Growing up in a fossiliferous area in Westphalia, north Germany, I have been digging for fossils for most of my life. There were many outcrops in the vicinity of our home and I got rich practical experience of where to find which fossils. It’s a truism, especially in palaeontology, that you need to be patient to be suc­cessful. Some fossils are rare and only a systematic approach will uncover them. Early on I started to collect in a scientific way, progressing bed-by-bed and documenting what I did. However, although already an experienced collector, I did not experience how randomly fossils can be scattered in the individual geological units before starting my PhD.

My fieldwork in the Late Cretaceous of Lengerich and Brochterbeck, West­phalia, included archaeological-style methods, systematically unearthing several square metres of finely bedded marlstones, an elementary method in antiquar­ian studies that is still little used in modern palaeontology.

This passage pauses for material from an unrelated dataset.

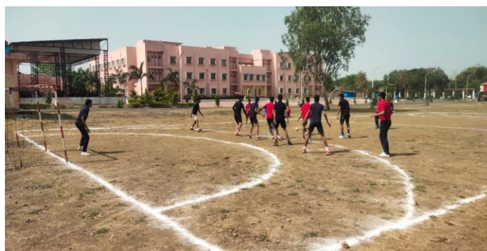
Inter-House Handball pre- match was held for Group A boys team

However, the most astounding observation I made was based on an even more primitive method. My work area included mainly limestone–marlstone couplets that were de­posited on the ground of an epicontinental sea, way off the former coastline, and probably related to Milankovitch cyclicity (e.g. Gale et al. 1999). Single beds appear completely uniform within the outcrop, with no beds pinching out or showing any irregularities in facies and lithology. This lithologically boring succession with mostly unattractive fossils — often poorly preserved as internal mould — was never systematically collected bed-by-bed. But simply hammering off as much material as possible for each single bed revealed staggering results. (Of course, one needs permission and restraint for this sort of collecting.)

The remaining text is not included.